Instinct
L’Instinct (instinctus = aiguillon) désigne, chez l’animal, l’impulsion naturelle qui dirige son comportement. Force de finalité biologique, innée, relativement aveugle ou automatique (activité défensive, industrieuse, etc.) et limitée dans sa complexité et sa portée par la loi de l’espèce.
Chez l’homme, le terme désigne un système de tendances, attractives ou répulsives, révélant son existence dynamique à l’occasion des circonstances relatives aux buts vitaux de l’individu : fuite devant la menace et la douleur, recherche de plaisir, conservation et protection de soi et de la progéniture, sexualité et procréation, puissance sociale, inclinations familiales, élargies au groupe et au milieu social…
Les philosophes ont surtout étudié l’Instinct en le comparant à l’Intelligence.
« L’Intelligence, a dit H. Bergson, est caractérisée par une incompréhension naturelle de la vie. C’est sur la forme même de la vie, au contraire, qu’est moulé l’instinct ». En psychologie, la notion d’instinct est restée vague et équivoque.
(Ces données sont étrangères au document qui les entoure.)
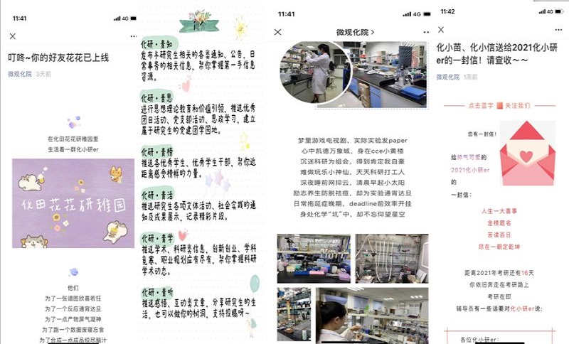 深挖网络思政,促进协同发展。近日,学院官微“微观化院”新增“化小研”栏目,通过线上的网络思政促进本科生与研究生的交流。以“化研•青知”“化研•青思”“化研•青榜”“化研•青活”“化研•青学”“化研•青听”六个板块为载体,全面打通“研本化合工程”线上线下的思政育人平台,深度融入学科建设大局,形成学生自我教育、自我管理、自我服务的体制机制。15vip太阳成将持续推进“德育铸魂、智育固本、体育强基、美育化人、劳动淬炼”为主题的“研本化合工程”,做到“三全育人、五育并举”。

Ses limites varient avec chaque auteur, allant du plan des besoins relatifs aux objets extérieurs à l’individu jusqu’à celui des exigences culturelles ou désintéressées (instinct de jeu, de liberté, instinct religieux, même instinct moral ou esthétique). Les psychiatres, s’inspirant surtout des psychologues d’éducation biologique, comme Th. Ribot, ont cherché l’origine des troubles psychiques dans la perturbation et notamment l’inassouvissement de la vie instinctive, considérée comme le « psychisme primitif (Guiraud). La plupart en ont réduit le nombre (instinct de conservation, instinct sexuel, instinct de puissance).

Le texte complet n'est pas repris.